🤖 AI Summary
Conversational recommendation systems (CRS) suffer from limited user-item interaction modeling due to the absence of collaborative filtering (CF) signals, constraining recommendation accuracy. To address this, we propose a dialogue–collaborative dual-signal alignment paradigm. First, we construct Reddit-ML32M—the first open-source cross-source dataset integrating Reddit conversational texts with MovieLens explicit behavioral data—to mitigate item representation sparsity and cold-start challenges.
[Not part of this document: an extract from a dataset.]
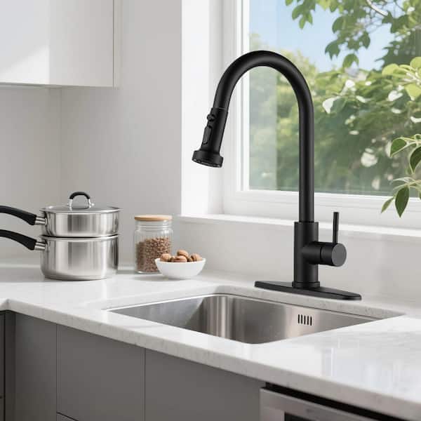 3-Mode Single Handle Pull Down Sprayer Kitchen Faucet with Deckplate in Black

Second, we design LLM-CF Alignment, a framework jointly optimizing ranking via LLM fine-tuning, prompt engineering, and CF embedding injection. Experiments on standard benchmarks demonstrate significant improvements: +12.32% in Hit Rate and +9.9% in NDCG over state-of-the-art baselines, outperforming both pure-dialogue and pure-CF approaches. These results empirically validate that infusing collaborative knowledge meaningfully enhances large language model–based recommendation performance.
📝 Abstract
Conversational recommendation systems (CRS) leverage contextual information from conversations to generate recommendations but often struggle due to a lack of collaborative filtering (CF) signals, which capture user-item interaction patterns essential for accurate recommendations. We introduce Reddit-ML32M, a dataset that links Reddit conversations with interactions on MovieLens 32M, to enrich item representations by leveraging collaborative knowledge and addressing interaction sparsity in conversational datasets. We propose an LLM-based framework that uses Reddit-ML32M to align LLM-generated recommendations with CF embeddings, refining rankings for better performance. We evaluate our framework against three sets of baselines: CF-based recommenders using only interactions from CRS tasks, traditional CRS models, and LLM-based methods relying on conversational context without item representations. Our approach achieves consistent improvements, including a 12.32% increase in Hit Rate and a 9.9% improvement in NDCG, outperforming the best-performing baseline that relies on conversational context but lacks collaborative item representations.